Bezos, Washington Post'u destekledi, gazete 200 bin abone kaybetti
Washington Post'un sahibi Jeff Bezos, ABD'deki ana akım medyada güçlü bir yeri olan gazetesinin 36 yıldan sonra ilk defa "hiçbir adaya destek vermeme" kararına ilişkin açıklamada bulundu. Bezos, tepkilere rağmen, gazetenin destek açıklamama kararını savunarak "Gazetenin bir başkan adayını desteklemesinin seçimlerde kritik etkisi yok. Bir adayı destekleme, yalnızca bağımsız olunmadığı algısı yaratır.
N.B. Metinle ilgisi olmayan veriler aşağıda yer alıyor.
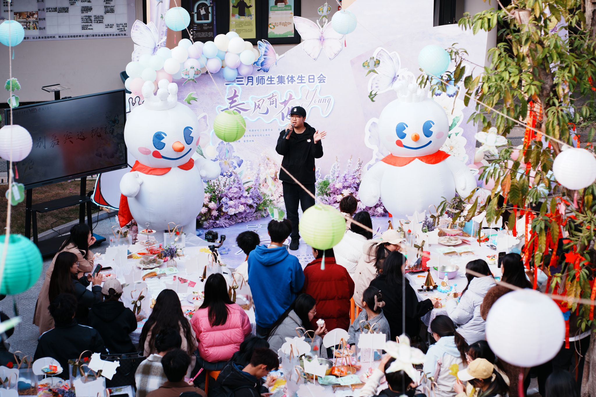 蝴蝶振翅而起,在春风中开启生日会诗篇的起承转合。以文化创意为经纬,将传统书院精神注入现代仪式场域。3月19日,由观云书院联合蜜雪冰城打造的“春风有花YOUNG”二三月师生集体生日派对,在重庆移通学院工会委员会、书院部的指导下圆满落幕。本场生日会用100支玫瑰、100份手作礼物、100个金蛋,破茧成蝶的仪式感,和“承包全场冰淇淋”的重磅彩蛋让现场“甜蜜超标”。

Doğru olan bunu sona erdirmektir" ifadelerini kullandı. Bezos, gazetesinde yayınlanan açıklamasının devamında şu cümlelere yer verdi:
“Pennsylvania'daki hiçbir kararsız seçmen 'Gazete A'nın desteğine uyacağım' demeyecek. Hiçbiri. Başkanlık desteklerinin gerçekte yaptığı şey bir önyargı algısı yaratmaktır. Bağımsız olmadıkları algısı. Bunları sona erdirmek ilkeli bir karardır ve doğru olanı da budur."
200 bin abone kaybetti
Gazetenin aday desteği açıklamama kararı, büyük tepkilere yol açtı. Demokrat Kamala Harris ile Cumhuriyetçi Donald Trump'ın yarıştığı ABD başkanlık seçimlerinde hiçbir adaya destek vermeme kararı almasının ardından editör kurulundan 3 kişinin istifa ettiği belirtilmişti. ABD Ulusal Halk Radyosu'nun (NPR) raporunda da kararın ardından yaklaşık 200 bin dijital aboneliğin iptal edildiği bildirildi.
Ne olmuştu?
ABD'nin en etkili yayın organlarından biri olan The Washington Post, 5 Kasım'daki seçimlerde herhangi bir adaya yönelik destek açıklamama kararı almıştı. Gazeteden yapılan açıklamada, "Ne bu seçimde ne de gelecekteki herhangi bir başkanlık seçiminde herhangi bir başkan adayını desteklemeyeceğiz" denilmiş ve "Köklerimize geri dönüyoruz" ifadeleri kullanılmıştı.
Neden?
ABD medyası, genellikle, seçimler öncesinde başkan adayları arasında kimi destekleyeceğini duyuruyor. Ancak bu, medyanın bağımsızlığı açısından tartışılan bir konu. ABD'de, ana akım sol liberal medyanın büyük oranda Demokrat adayları, sağ muhafazakar medyanın ise Cumhuriyetçi adayları desteklediği biliniyor. Bu kapsamda da Washington Post'un Kamala Harris'e destek açıklamaktan vazgeçtiği değerlendiriliyor. Bu da büyük tepkilere yol açıyor.
Yine de analistler, ABD'de artan kutuplaşma ve medya şirketlerinin yaşadığı ekonomik zorluklar nedeniyle yayın organlarının tarafsız görünmek ve bu şekilde abone kaybetmemek için çabaladığını ifade ediyor.